→ **WHAT YOU HAVE TO DO**
Give back every record exactly, with its pictures left out.

Stored entries
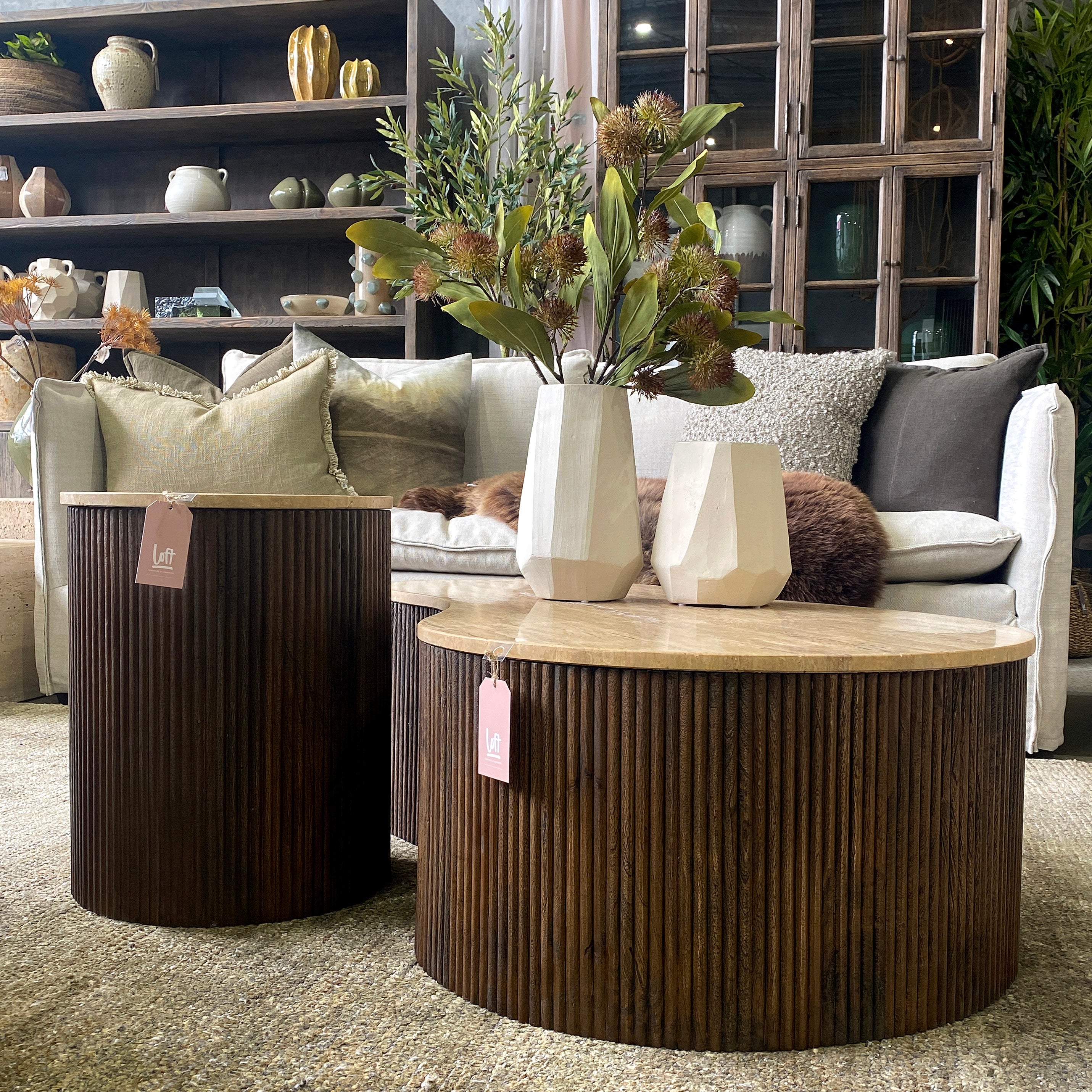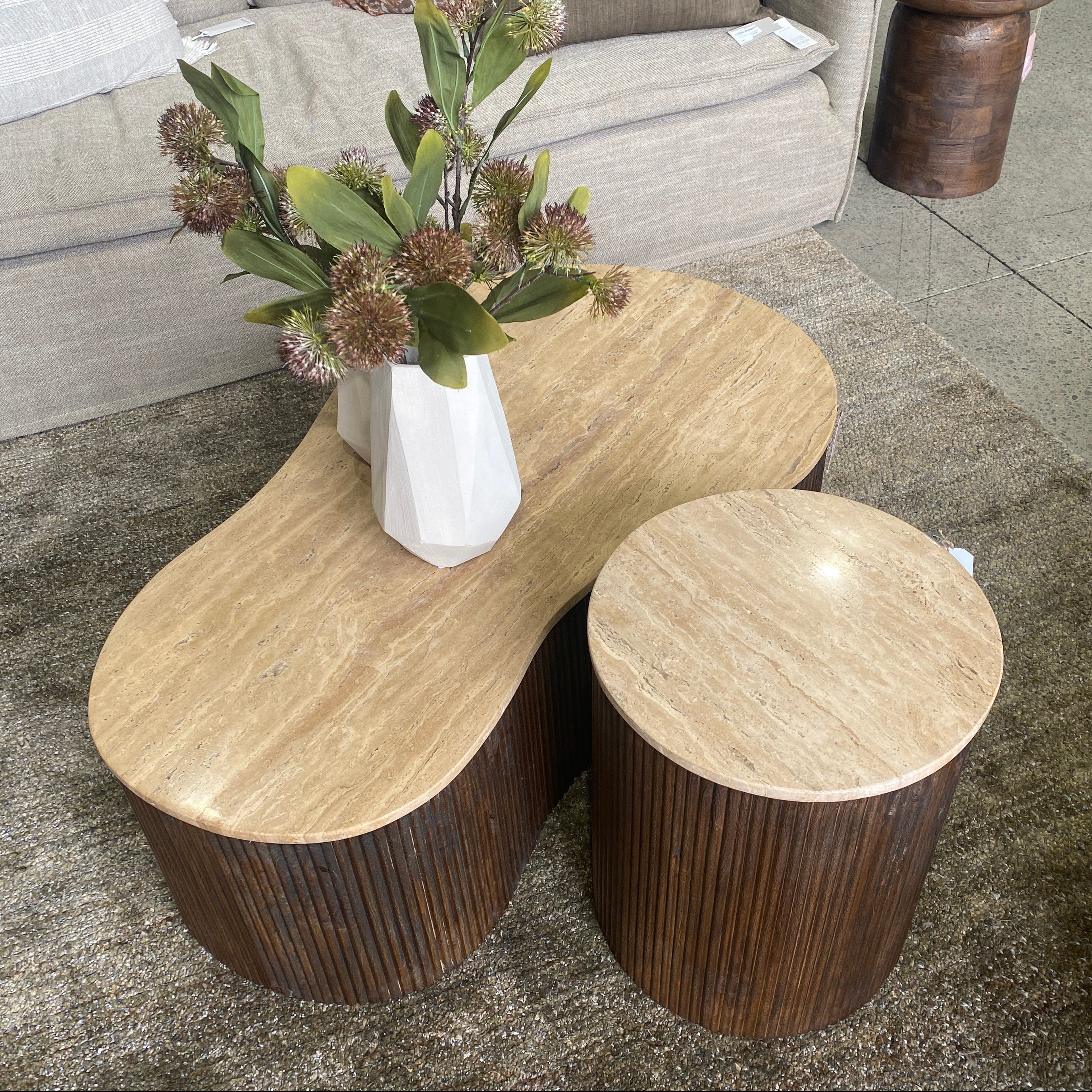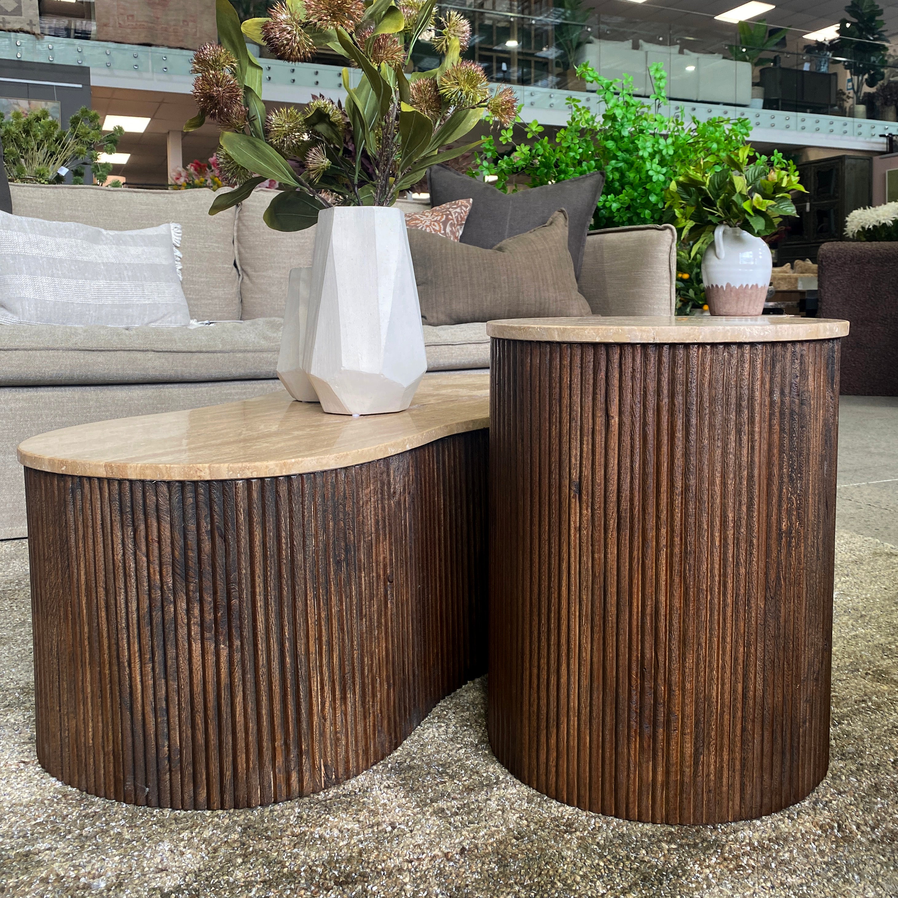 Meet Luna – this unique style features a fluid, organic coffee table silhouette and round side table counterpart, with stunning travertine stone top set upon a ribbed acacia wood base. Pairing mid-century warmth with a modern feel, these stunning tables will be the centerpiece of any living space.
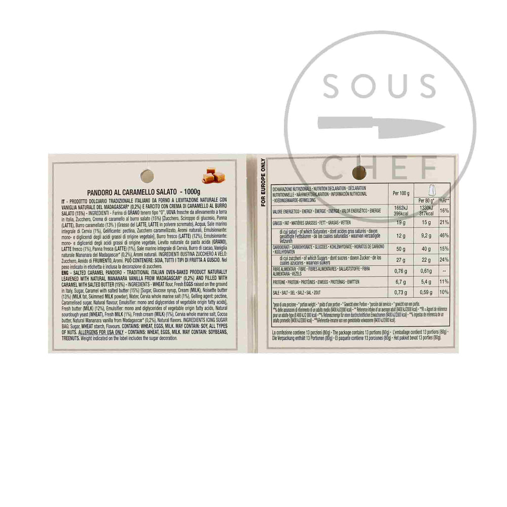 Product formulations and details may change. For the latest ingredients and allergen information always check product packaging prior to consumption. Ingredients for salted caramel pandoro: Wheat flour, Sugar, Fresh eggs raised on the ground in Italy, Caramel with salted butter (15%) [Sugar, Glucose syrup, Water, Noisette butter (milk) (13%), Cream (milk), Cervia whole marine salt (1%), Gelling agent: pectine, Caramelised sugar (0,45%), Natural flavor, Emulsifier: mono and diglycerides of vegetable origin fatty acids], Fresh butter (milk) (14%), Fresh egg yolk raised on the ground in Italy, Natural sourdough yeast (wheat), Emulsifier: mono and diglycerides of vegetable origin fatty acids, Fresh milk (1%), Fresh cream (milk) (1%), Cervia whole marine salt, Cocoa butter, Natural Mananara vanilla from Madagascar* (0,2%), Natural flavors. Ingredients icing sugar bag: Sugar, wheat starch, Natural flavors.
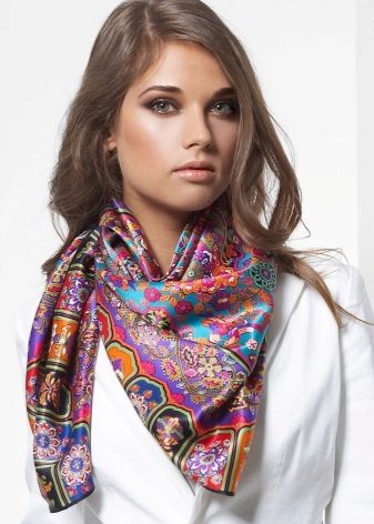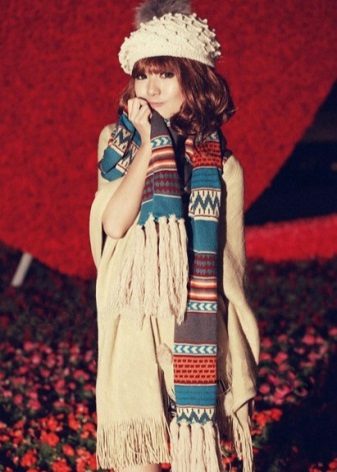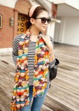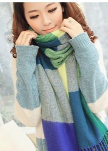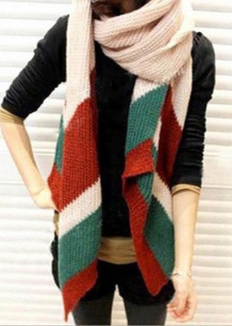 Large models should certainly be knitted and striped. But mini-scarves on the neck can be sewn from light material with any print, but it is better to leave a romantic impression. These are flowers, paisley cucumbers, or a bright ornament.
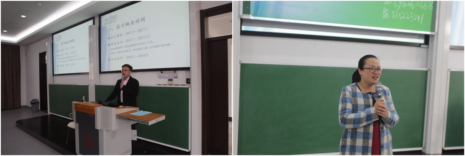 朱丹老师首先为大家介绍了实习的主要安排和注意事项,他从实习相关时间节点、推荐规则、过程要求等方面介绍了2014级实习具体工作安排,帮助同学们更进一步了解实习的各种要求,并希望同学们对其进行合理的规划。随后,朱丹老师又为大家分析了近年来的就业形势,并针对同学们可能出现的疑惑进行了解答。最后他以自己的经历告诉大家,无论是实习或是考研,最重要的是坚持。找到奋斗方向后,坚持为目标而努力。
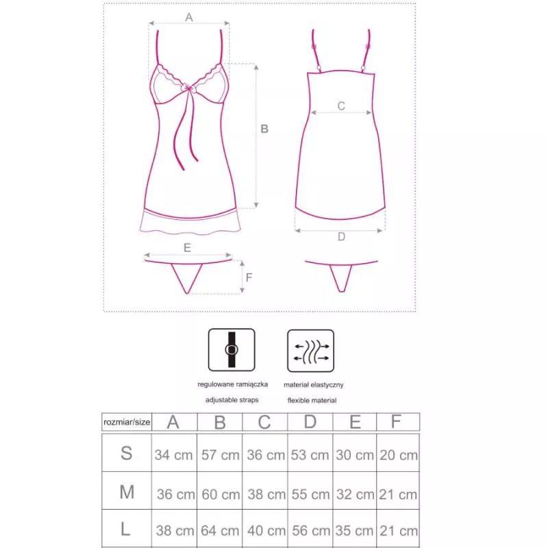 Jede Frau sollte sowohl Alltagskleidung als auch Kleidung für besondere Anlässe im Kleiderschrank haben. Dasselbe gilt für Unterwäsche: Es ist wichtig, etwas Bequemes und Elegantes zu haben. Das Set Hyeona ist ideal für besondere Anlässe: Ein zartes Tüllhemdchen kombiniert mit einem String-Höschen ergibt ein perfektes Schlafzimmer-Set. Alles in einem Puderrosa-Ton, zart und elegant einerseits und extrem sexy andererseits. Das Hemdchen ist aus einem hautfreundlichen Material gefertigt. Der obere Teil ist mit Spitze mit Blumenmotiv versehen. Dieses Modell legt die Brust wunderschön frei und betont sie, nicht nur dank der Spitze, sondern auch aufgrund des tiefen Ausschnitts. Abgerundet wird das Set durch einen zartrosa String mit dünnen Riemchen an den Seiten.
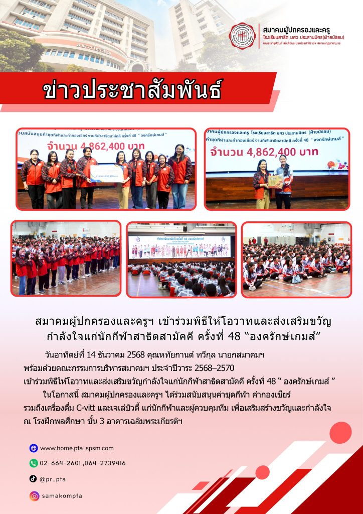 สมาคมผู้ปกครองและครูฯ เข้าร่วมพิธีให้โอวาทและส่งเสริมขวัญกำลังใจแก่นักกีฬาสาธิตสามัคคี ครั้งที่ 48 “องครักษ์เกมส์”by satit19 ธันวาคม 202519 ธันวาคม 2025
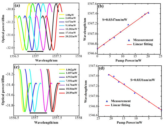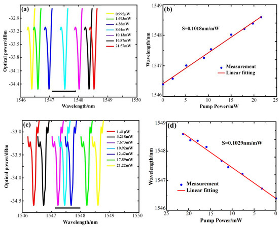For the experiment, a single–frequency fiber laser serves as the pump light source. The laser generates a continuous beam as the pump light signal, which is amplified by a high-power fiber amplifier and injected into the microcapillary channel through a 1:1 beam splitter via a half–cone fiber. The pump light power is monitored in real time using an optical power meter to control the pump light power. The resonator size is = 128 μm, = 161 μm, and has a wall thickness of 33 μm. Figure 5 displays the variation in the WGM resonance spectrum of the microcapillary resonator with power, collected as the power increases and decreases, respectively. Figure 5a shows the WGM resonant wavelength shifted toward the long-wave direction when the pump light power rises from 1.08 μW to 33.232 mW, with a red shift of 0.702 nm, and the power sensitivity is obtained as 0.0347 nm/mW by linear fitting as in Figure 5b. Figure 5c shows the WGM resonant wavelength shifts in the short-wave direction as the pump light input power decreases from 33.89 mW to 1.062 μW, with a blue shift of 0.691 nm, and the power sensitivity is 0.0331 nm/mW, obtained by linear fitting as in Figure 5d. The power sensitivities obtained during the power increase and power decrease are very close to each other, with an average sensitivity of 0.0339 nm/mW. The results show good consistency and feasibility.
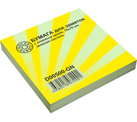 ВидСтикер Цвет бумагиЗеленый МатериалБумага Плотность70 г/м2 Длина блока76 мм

→ **EXERCISE RESULT**
 Meet Luna – this unique style features a fluid, organic coffee table silhouette and round side table counterpart, with stunning travertine stone top set upon a ribbed acacia wood base. Pairing mid-century warmth with a modern feel, these stunning tables will be the centerpiece of any living space.
 Product formulations and details may change. For the latest ingredients and allergen information always check product packaging prior to consumption. Ingredients for salted caramel pandoro: Wheat flour, Sugar, Fresh eggs raised on the ground in Italy, Caramel with salted butter (15%) [Sugar, Glucose syrup, Water, Noisette butter (milk) (13%), Cream (milk), Cervia whole marine salt (1%), Gelling agent: pectine, Caramelised sugar (0,45%), Natural flavor, Emulsifier: mono and diglycerides of vegetable origin fatty acids], Fresh butter (milk) (14%), Fresh egg yolk raised on the ground in Italy, Natural sourdough yeast (wheat), Emulsifier: mono and diglycerides of vegetable origin fatty acids, Fresh milk (1%), Fresh cream (milk) (1%), Cervia whole marine salt, Cocoa butter, Natural Mananara vanilla from Madagascar* (0,2%), Natural flavors. Ingredients icing sugar bag: Sugar, wheat starch, Natural flavors.
 Large models should certainly be knitted and striped. But mini-scarves on the neck can be sewn from light material with any print, but it is better to leave a romantic impression. These are flowers, paisley cucumbers, or a bright ornament.
 朱丹老师首先为大家介绍了实习的主要安排和注意事项,他从实习相关时间节点、推荐规则、过程要求等方面介绍了2014级实习具体工作安排,帮助同学们更进一步了解实习的各种要求,并希望同学们对其进行合理的规划。随后,朱丹老师又为大家分析了近年来的就业形势,并针对同学们可能出现的疑惑进行了解答。最后他以自己的经历告诉大家,无论是实习或是考研,最重要的是坚持。找到奋斗方向后,坚持为目标而努力。
 Jede Frau sollte sowohl Alltagskleidung als auch Kleidung für besondere Anlässe im Kleiderschrank haben. Dasselbe gilt für Unterwäsche: Es ist wichtig, etwas Bequemes und Elegantes zu haben. Das Set Hyeona ist ideal für besondere Anlässe: Ein zartes Tüllhemdchen kombiniert mit einem String-Höschen ergibt ein perfektes Schlafzimmer-Set. Alles in einem Puderrosa-Ton, zart und elegant einerseits und extrem sexy andererseits. Das Hemdchen ist aus einem hautfreundlichen Material gefertigt. Der obere Teil ist mit Spitze mit Blumenmotiv versehen. Dieses Modell legt die Brust wunderschön frei und betont sie, nicht nur dank der Spitze, sondern auch aufgrund des tiefen Ausschnitts. Abgerundet wird das Set durch einen zartrosa String mit dünnen Riemchen an den Seiten.
 สมาคมผู้ปกครองและครูฯ เข้าร่วมพิธีให้โอวาทและส่งเสริมขวัญกำลังใจแก่นักกีฬาสาธิตสามัคคี ครั้งที่ 48 “องครักษ์เกมส์”by satit19 ธันวาคม 202519 ธันวาคม 2025
For the experiment, a single–frequency fiber laser serves as the pump light source. The laser generates a continuous beam as the pump light signal, which is amplified by a high-power fiber amplifier and injected into the microcapillary channel through a 1:1 beam splitter via a half–cone fiber. The pump light power is monitored in real time using an optical power meter to control the pump light power. The resonator size is = 128 μm, = 161 μm, and has a wall thickness of 33 μm. Figure 5 displays the variation in the WGM resonance spectrum of the microcapillary resonator with power, collected as the power increases and decreases, respectively. Figure 5a shows the WGM resonant wavelength shifted toward the long-wave direction when the pump light power rises from 1.08 μW to 33.232 mW, with a red shift of 0.702 nm, and the power sensitivity is obtained as 0.0347 nm/mW by linear fitting as in Figure 5b. Figure 5c shows the WGM resonant wavelength shifts in the short-wave direction as the pump light input power decreases from 33.89 mW to 1.062 μW, with a blue shift of 0.691 nm, and the power sensitivity is 0.0331 nm/mW, obtained by linear fitting as in Figure 5d. The power sensitivities obtained during the power increase and power decrease are very close to each other, with an average sensitivity of 0.0339 nm/mW. The results show good consistency and feasibility.
 ВидСтикер Цвет бумагиЗеленый МатериалБумага Плотность70 г/м2 Длина блока76 мм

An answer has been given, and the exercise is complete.